You have good instincts; keep on keeping to them. I refused to attend to any aspect of this last election nonsense for similar and ever more George Carlinesque reasons. However, let me caution you that there are some things that are perilous to avoid facing and understanding well, and these things are precisely what the political chatter aims to bury in "a consensus which insulate[s] those inhabiting it against being changed by what had been revealed." (Well put.)
What has been revealed is the deep naivete and perhaps willful incomprehension among "establishment" — or let us say bluntly "empire-aligned" minds — regarding others who are not so aligned. Failing to understand or even plumb it is extraordinary and must reflect the glaring class myopia one finds at this (Substack, online, but also often offline) convivial table, no matter how far one retreats or how small the circle is drawn.
It is astonishing to me that so many people in the threadbare American neo-imperial colonial protectorate care so much and wish for any particular outcome in its elections, let alone one in which they believe they benefit. Neither are these benefits understood as a counter-interest to a majority of Americans, particularly those most demographically associated with military service. (https://www.pewresearch.org/short-reads/2024/09/30/military-veterans-remain-a-republican-group-backing-trump-over-harris-by-wide-margin/)
I hope framing things this way makes blindness of such obvious facts visible too, as a symptom of something else — a fear, a loathing, and a failure of nerve in the face of the insufficiently repressed violence at our backs and ever increasingly in our faces. Violence must, of necessity, come more concretely into our lives, the closer we get to living without paying someone else to handle it for us.

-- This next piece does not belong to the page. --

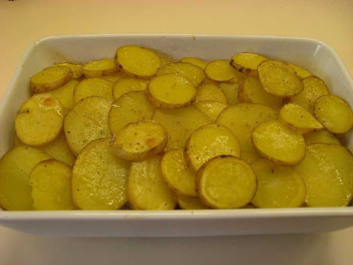 Ja minu kohta ikka päris ilus tuli. Maitse oli enam-vähem, natuke mage, nagu ikka. Kartulitele võiks kuidagi veel mingeid ürte lisada..minu arust. Ja siis vormi enam tomatid sedasi ei mahtunud, nagu retseptis oli öeldud, nii et panin kirsstomateid ja hoopiski kartulite alla. (tegelikult minu jaoks jäigi see paigutamise asi natuke segaseks....) Nii et ma ei tea, kas need pildid üldse selle toidu juurde sobivad, aga kuna ma nad ära tegin, siis siin nad on:

Dougald, there is a game "around here lately" of praising each other in succession in order to collect followers or subscribers unto the egoic dream that dogs us all. This is not that. If the limits of the political today are the kitchen table and table manners are the seeds of any polis worth cultivating then I think the time of kingmakers is over and the time of place setters is come. When I was I child at the Passover meal there was always one extra plate set. After dark some aunt or uncle would open the door to welcome some say Elijah, other the Messiah to that open setting. The cold night and wind would blow in and imaginations of some othering fellowship would drink that moment in. You and Anna our place setters, showing the art of making room and opening doors, dark to light, divide to Company. A few times now I have heard my words in your mouth and been both humbled and honored in a way that calls me to my own oaths rather than my own worth. May He and She and They always haunt your doorstep and fill the seats about you all. What we paint on our door posts and over our thresholds as this world winds down is now less about death passing over as it is about a togethering walking on into whatever Next has for Us and Ours. I look forward to learning how to welcome whoever wishes in and onward with you my friend. Salut the Table Setters everywhere!